🤖 AI Summary
This study investigates the misalignment between data workers’ implicit cognitive models of complex hierarchical data (e.g., nested tables) and the explicit data models encoded in analysis code, and how such misalignment negatively impacts analytical efficiency and accuracy. Method: Through semi-structured interviews, cognitive sketching, and reflexive thematic coding with 10 collaborative data practitioners, we systematically identify divergent, coexisting cognitive models within teams. Contribution/Results: We introduce the novel concept of “parallel risk”—a form of collaborative breakdown arising from persistent cognitive misalignment between data model designers and end users. All participants exhibited internal representations inconsistent with the true data structure, leading to systematic reasoning errors. Based on these findings, we derive human-centered design principles and intervention strategies for analytical tools that promote cognitive alignment.
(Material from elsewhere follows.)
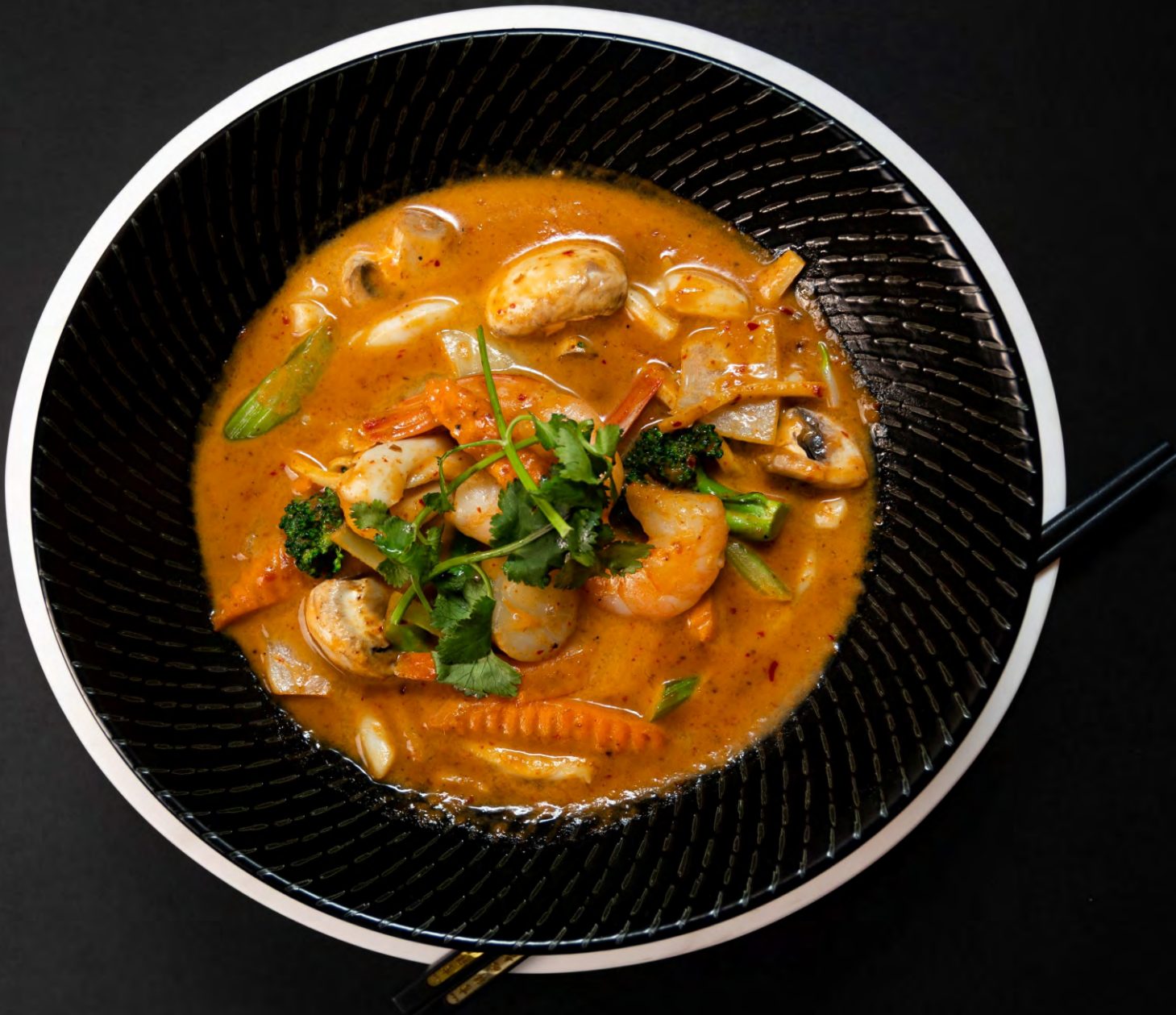
泰式海鲜烩 Red Curry Combination Seafood 28.8

This work establishes a theoretical foundation and practical framework for improving usability in data engineering and visualization systems.
📝 Abstract
Data workers may have a a different mental model of their data that the one reified in code. Understanding the organization of their data is necessary for analyzing data, be it through scripting, visualization or abstract thought. More complicated organizations, such as tables with attached hierarchies, may tax people's ability to think about and interact with data. To better understand and ultimately design for these situations, we conduct a study across a team of ten people work ing with the same reified data model. Through interviews and sketching, we conduct a study across a team of ten people working with the same reified data model. Through interviews and sketching, we probed their conception of the data model and developed themes through reflexive data analysis. Participants had diverse data models that differed from the reified data model, even among team members who had designed the model, resulting in parallel hazards limiting their ability to reason about the data. From these observations, we suggest potential design interventions for data analysis processes and tools.